Close Raynaud's Disease
The doctor told me a while ago that I might have reynauds disease, I already suspected because my hands and feet are pretty much always cold and sometimes go completely white and uncomfortable. I'm not sure if it's because of the reynauds disease but yesterday and one other time something very frightening happened and I don't know if I need to do anytihng about it or not. I'd really like some help.
Open Depression
Not just yet.
Treatments
- Celexa Not Working
- The effects of this drug, although probably what it's designed for, I didn't like, I felt it dulled everything, and stopped me from thinking things through in a focused way.
- Cognitive Behavioral Therapy Considering
- I'm not sure, but I think I had a particularly good therapist, otherwise, I don't think I'd have been able to do it. The process was painful, but some things made sense, and now I can identify some things which worked. He recommended further CBT in the future, and he thought that it was beneficial.
- Seroquel Not Working
- I still have mostly a full pack of this. It was given to take when required, but either when I need it I am in too much of a state to take it, or I am very disturbed but too calm to justify taking it. Also only small immediate effect, then about 4 hours after feel awful, drugged, exhausted...

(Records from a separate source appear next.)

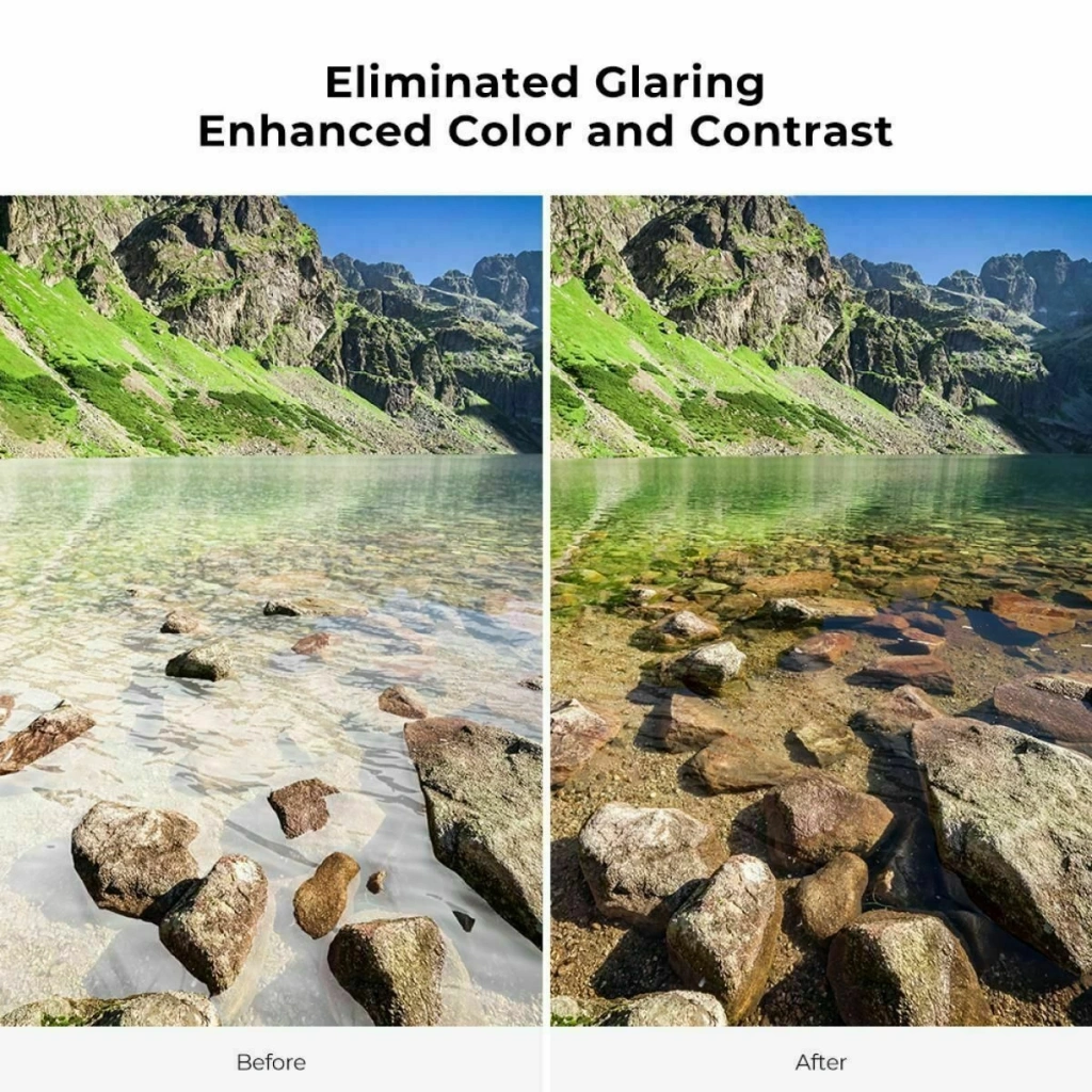 * Japonya optik camından yapılmış K&F Concept dairesel polarizörü, mavi gökyüzünün yoğunluğunu derinleştirir; parlamayı azaltır veya ortadan kaldırır.
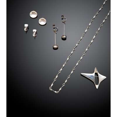 model 339, silver, stamped Georg Jensen mark, '925s Denmark', and with import marks; necklace, model 2380, silver, stamped Georg Jensen mark, '925s Denmark'; Vivianna Torun Bülow-Hübe, pair of drop earrings, silver, stamped Georg Jensen mark, '925', and with import marks; Edvard Kindt-Larsen, pair of earrings, silver, model 116A, stamped Georg Jensen mark '925S Denmark'; Nanna Ditzel, pair of earrings, silver, model 1360, stamped Georg Jensen mark '925S Denmark'
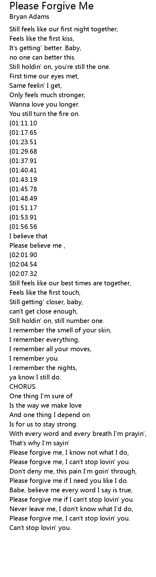 Please forgive me, I can't stop lovin' you. |
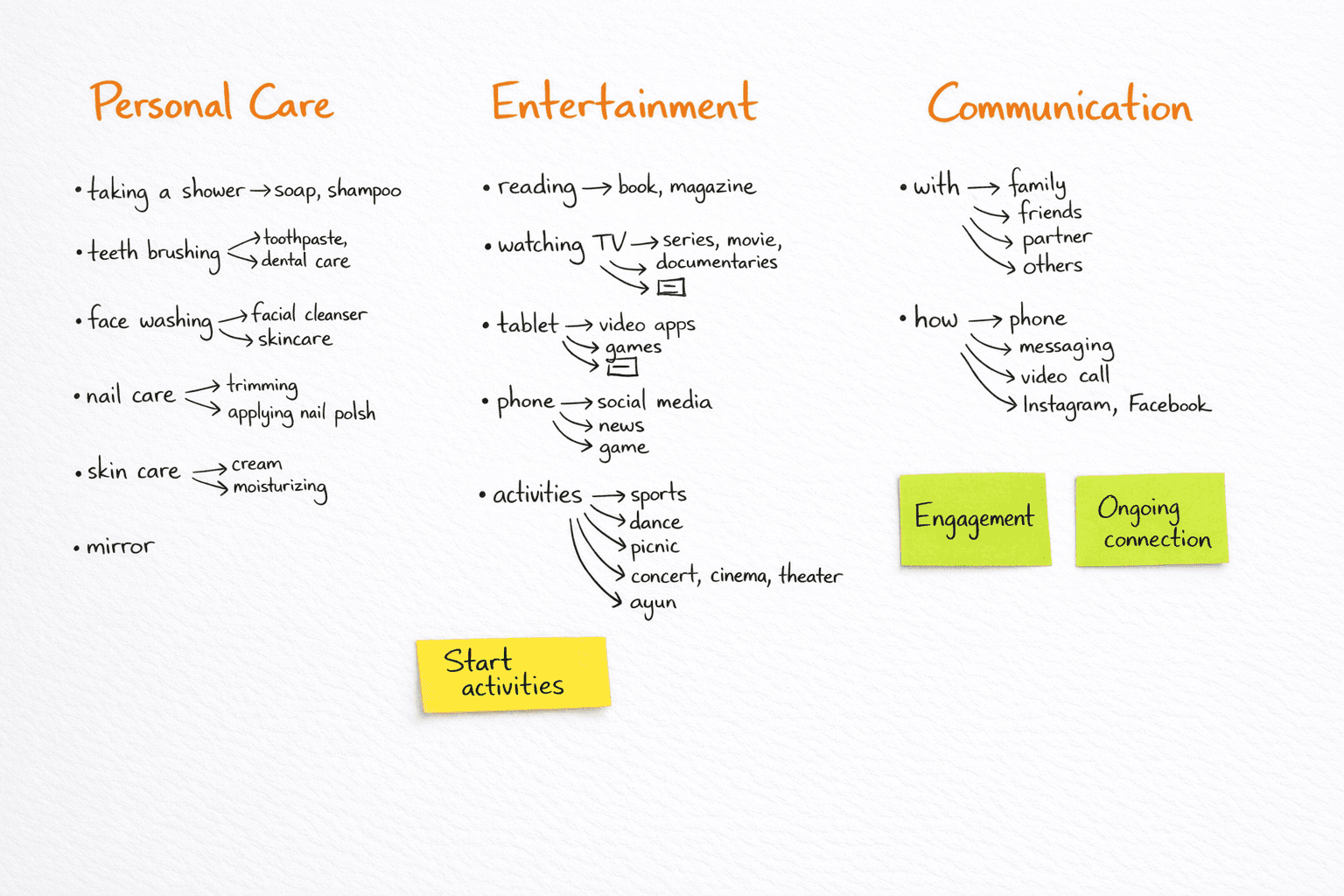 From there I ran interviews, asking not about technology or products, but about daily life, connection, and routine. I also dug into demographic data, existing research on ageing, and the landscape of products already designed for this space.
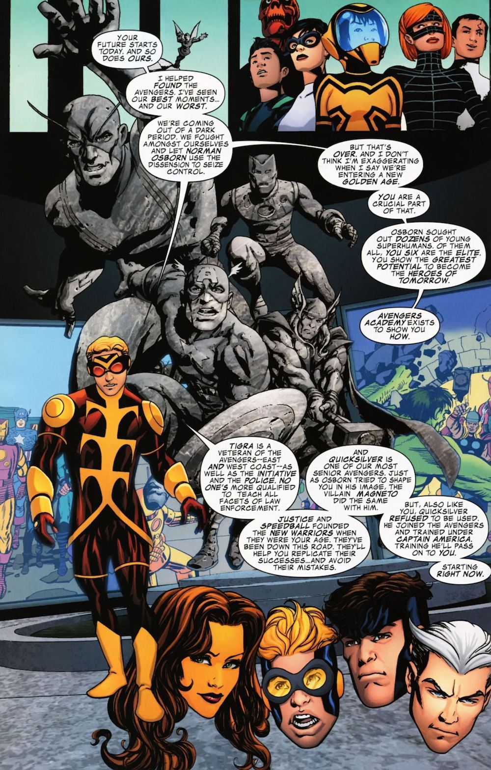 Takže tu máme šestici mladých hrdinů, kteří se těmi superhrdiny teprve stát mají. Anebo z nich budou padouši? Tohle je takové to hlavní dilema, které celá série má a která je nosným kamenem „Akademie Avengers“. Přiznám se, úplně mi to nestačí, hlavně proto, že tohle téma není v knize „Nejmocnější hrdinové Marvelu 68: Akademie Avengers“ nějak zásadně rozebráno, protože dějově je komiks velmi pomalý a k nějakým zásadním zvratům a posunům zde nedochází. Sledujeme celkem zajímavou partičku, ale vlastně ve všech šesti sešitech jde jenom o to, abyste se seznámili šesti jednotlivými protagonisty - Veil, která se dokáže měnit v jakýkoli plyn, Finesse, která je schopná se naučit cokoli a vše si pamatuje, Hazmat vyzařuje radioaktivitu, Mettle vypadá jako syn Red Skulla a Colossuse, Reptil se dokáže měnit na jakéhokoli dinosaura nebo alespoň změní část svého těla, a nakonec je zde Striker, který ovládá elektřinu.
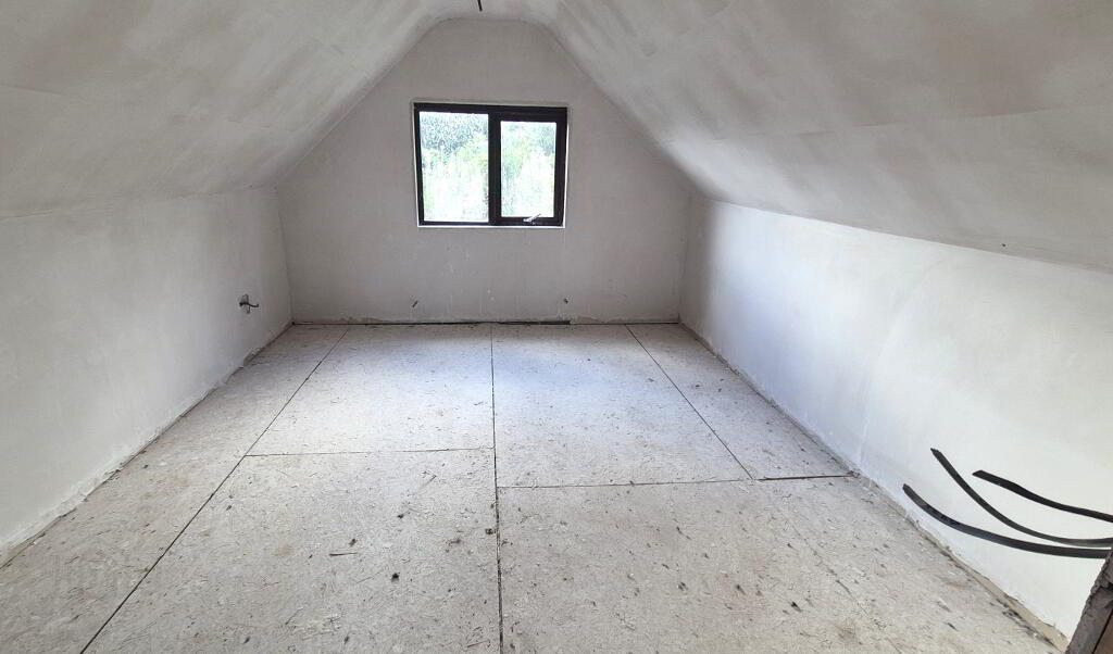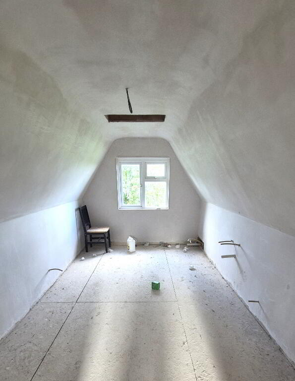 The challenges lay with the need for a sewerage system – planning permission will be required. The new 1st fix wiring will need to be certified, and electricity reconnected. The unfinished refurbishment works included double glazed windows and a completely new roof structure, but did not reach to installing the central heating system. So, the property is not immediately liveable, BUT, what you will have, is an excellent structure with interesting room sizes, eaved ceilings and a setting to die for.
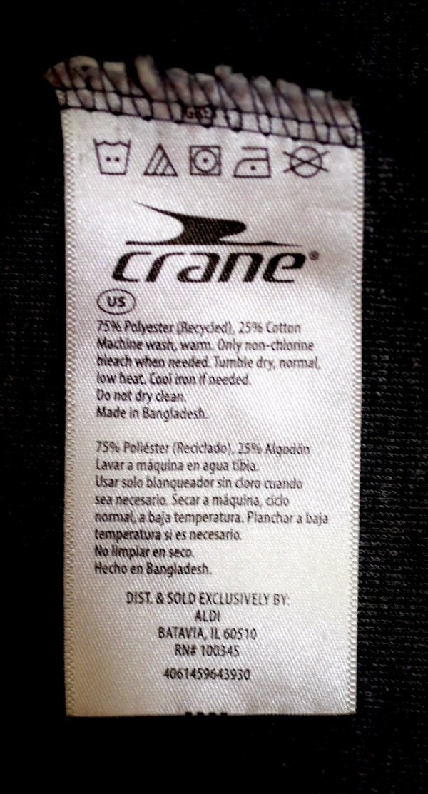 My one regret is the sweatpants. Oh, they’re heavy and comfortable. The pockets are strong as is the elastic in the waistband. Just about perfect in every way except one: minutes after you put them on, even right out of the dryer, they begin to smell bad. After noticing this I looked at the sewn-in label. They were made in Bangladesh from 75 percent recycled polyester. Polyester absorbs odors that do not wash out, ever. Having seen more than one documentary showing armies of underprivileged rag-picking children climbing the piles of trash in South Asian dumps, as sorry as I am for them and their tragic plight I do not want to wear anything made from what they found, especially odor-retaining polyester. Thrown-away polyester might be profitably made into many useful things, but clothing is not among them.
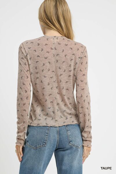 Umgee Bow Print Lightweight Knit Top
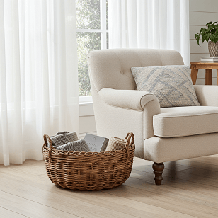 並編みと呼ばれる最もシンプルな編み方で編み組みしており、編地の凹凸が緩やかなため、かごの内部もすっきり機能的にご使用いただけます。
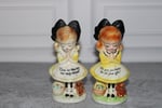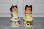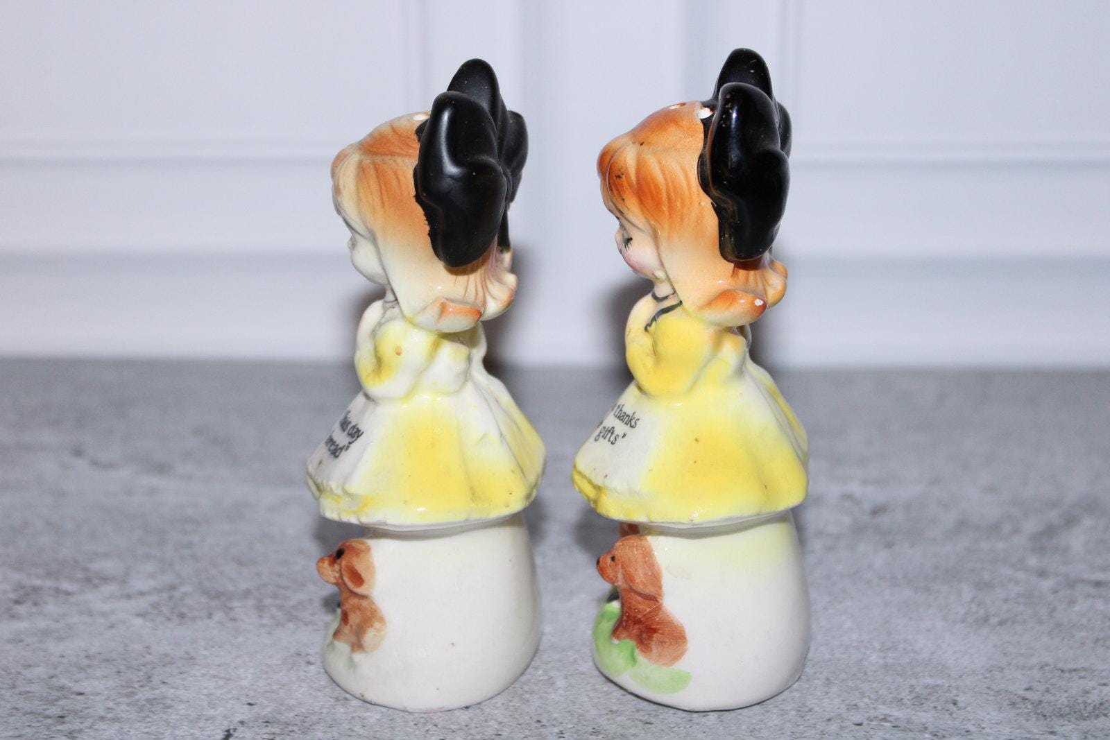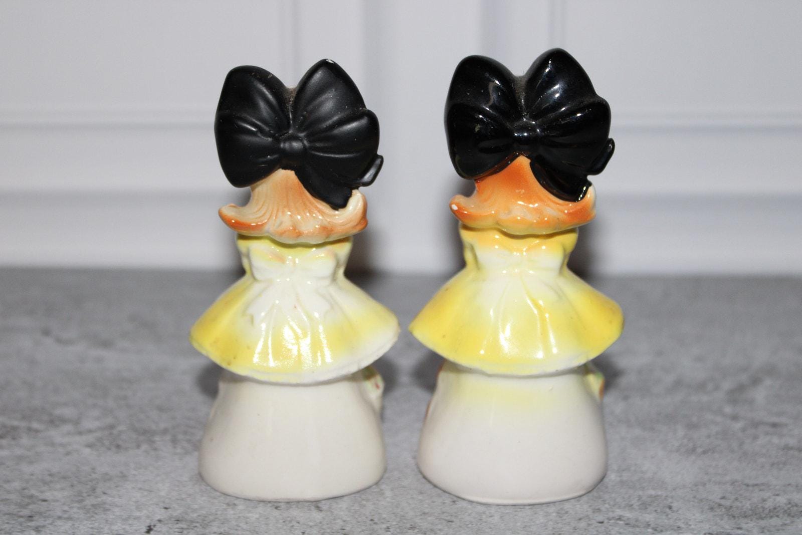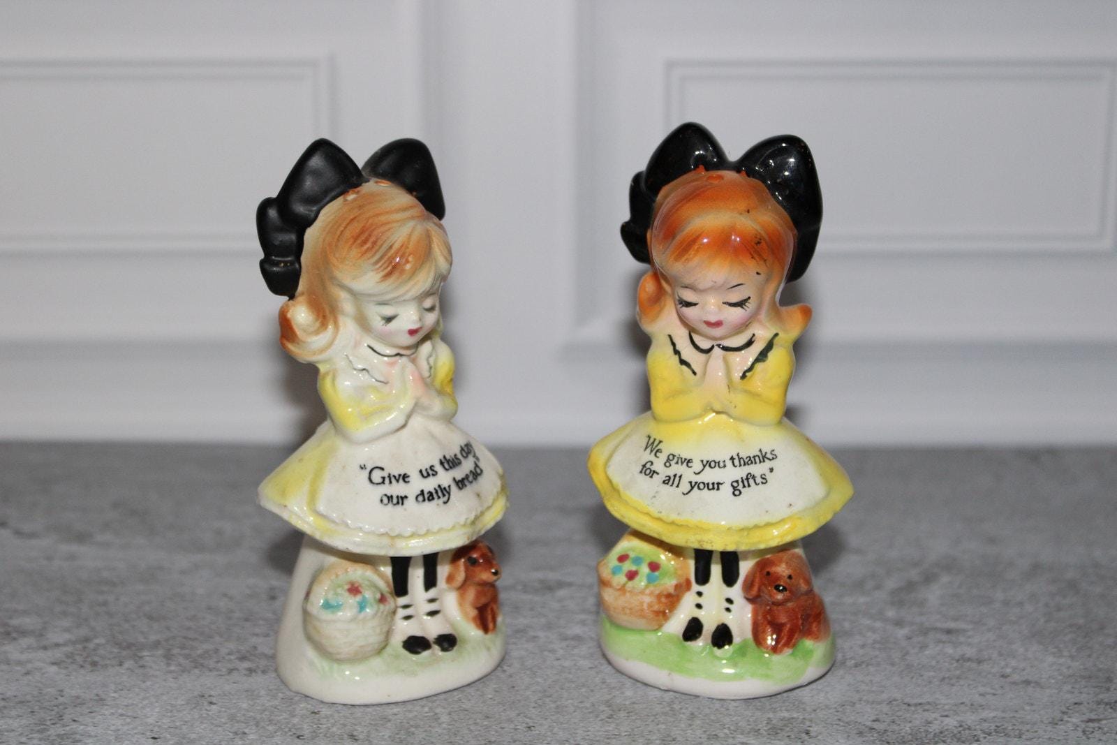 Vintage Enesco Salt & Pepper Shakers Set 2 Prayer Girls yellow black bow 1960's

- Support from Friends & Family Not Working
- I was encouraged to invole my mother, so I talked to her, and my sister who I relate most to, Mum had a carers assessment, I wish I had not involved her, I am caused more pain and discomfort, and feeling things that I really do not want to feel, frustrated, it was in the open, and she let it be burried again.
- Writing Somewhat Helpful
- I keep my own private journal, it is bad to re-read previous entries, although this I sometimes do, I worry about people finding it, it is very one way, I can write negative things in there and they are not challenged, and it makes them stronger, but it acts in a sort of similar way to talking to a person, and gives vent to pain, feels like action, feels controlled in a way.
- Zoloft Not Working
- I tried a few medications, and although they worked in a way, I didn't feel that they were good for me, I didn't like how they made me feel, unable to react emotionally, or be affected by things, I didn't feel this was healthy.